Conséquences d'une mauvaise application de l'article L. 122-12

Les Pratiques | L'AVIS DU JURISTE | publié le : 26.09.2006 | Alice Fages Juriste en droit social

La jurisprudence relative à l'article L. 122-12, qui organise le transfert des salariés en cas de modification dans la situation juridique de l'employeur, est tellement confuse que, dans des cas complexes, et notamment en cas de transfert partiel d'activité, il est difficile de savoir s'il doit s'appliquer. En effet, pour que cet article produise effet, il faut qu'il y ait transfert d'une entité économique autonome et le maintien de l'identité de l'unité transférée.

En cas de cession d'un seul département d'une entreprise, il faut que celui-ci soit spécifique, dans ses activités et dans son personnel, pour que cet article soit applicable. Il n'est pas toujours évident de savoir si l'unité transférée est spécifique, et, dans le doute, les employeurs sont généralement enclins à appliquer le L. 122-12, cette attitude leur semblant plus favorable aux salariés et donc moins risquée.

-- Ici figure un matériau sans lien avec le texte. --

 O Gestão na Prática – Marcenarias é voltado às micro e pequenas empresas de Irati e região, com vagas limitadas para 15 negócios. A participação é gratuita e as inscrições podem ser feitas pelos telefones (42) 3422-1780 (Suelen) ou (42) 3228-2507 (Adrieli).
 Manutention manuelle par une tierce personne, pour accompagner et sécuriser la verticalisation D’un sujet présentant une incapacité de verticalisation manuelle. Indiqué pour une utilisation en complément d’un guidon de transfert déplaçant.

Il s'avère que tel n'est pas le cas, comme en témoigne l'affaire Matra, jugée par la Cour de cassation le 21 juin 2006 (n° 05-42.418). En l'occurrence, la société Matra avait, dans un premier temps, divisé l'un de ses établissements en deux départements distincts, dont un est cédé un an plus tard. Considérant être en présence d'une cession d'une entité autonome, elle transfère les contrats de travail. Quant à l'autre établissement, il est lui aussi cédé un peu plus tard et, à cette occasion, la société Matra met en oeuvre une procédure de licenciement économique collectif. Les salariés qui avaient fait l'objet du premier transfert agissent contre la société Matra au motif que le département transféré ne constituait pas une entité économique autonome et que les conditions d'application de l'article L. 122-12 du Code du travail n'étaient pas réunies. Les juges du fond, puis la Cour de cassation leur donnent raison.

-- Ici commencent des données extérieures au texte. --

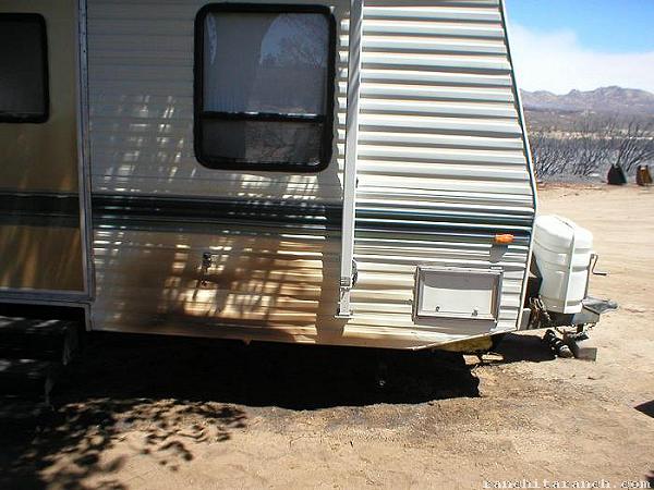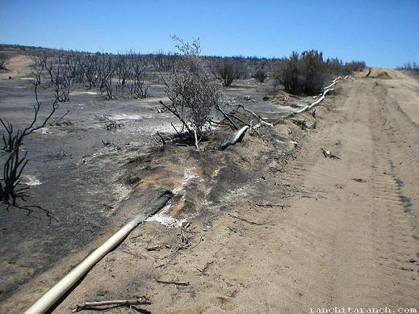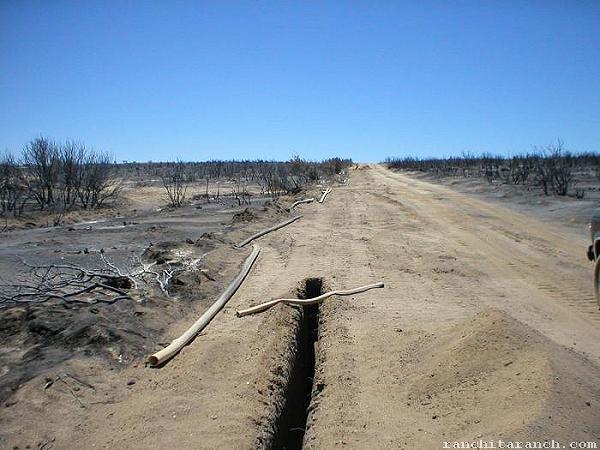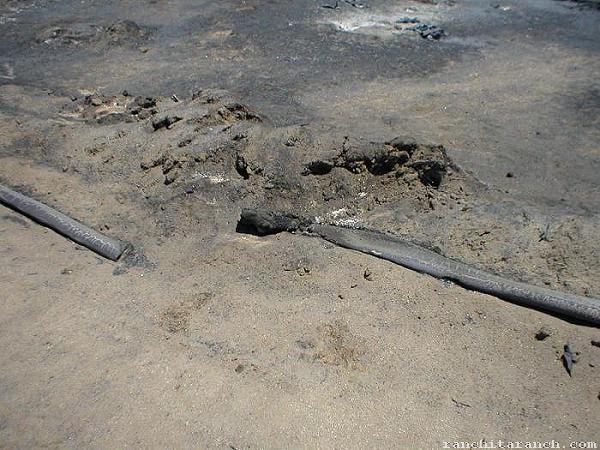 The next day, Wednesday, Brian took more photographs of the property and the damage. Below, you can see where the trailer was burned (the door has to be replaced and the waterproofing seal on the bottom is gone; the fire reached here most likely because of the leaves from the oak tree) and some of the melted water pipe (five hundred feet in total, ruined), which had been laid out along the road, next to the place where it was going to go after the trench was dug. (The trench hadn't been finished because the trencher broke before Brian and Mark were done.)
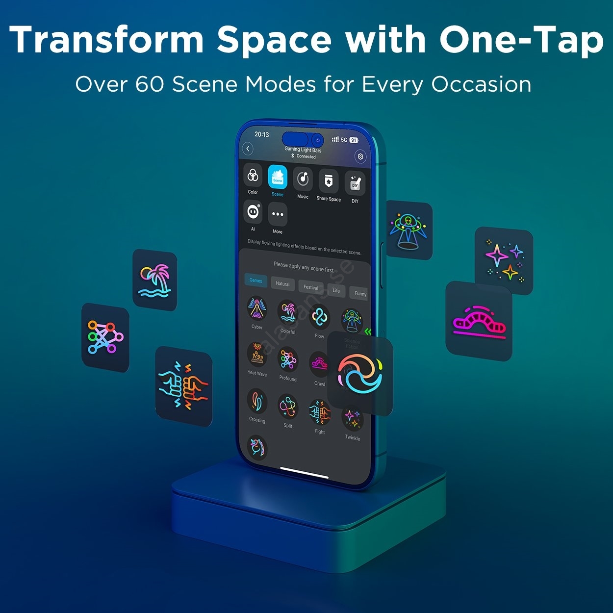 • Musikläge – ljusen reagerar på rytm och ljud och ger liv åt både spel och filmer.

La cour en tire les conséquences suivantes : non seulement les salariés ont droit à des dommages et intérêts pour licenciement sans cause réelle et sérieuse, mais encore, ils doivent bénéficier de dommages et intérêts distincts au motif que « la société avait éludé les droits et garanties dont les salariés auraient bénéficié en cas de licenciement pour motif économique et a ainsi caractérisé la faute commise par elle au regard d'une exécution loyale des contrats de travail ».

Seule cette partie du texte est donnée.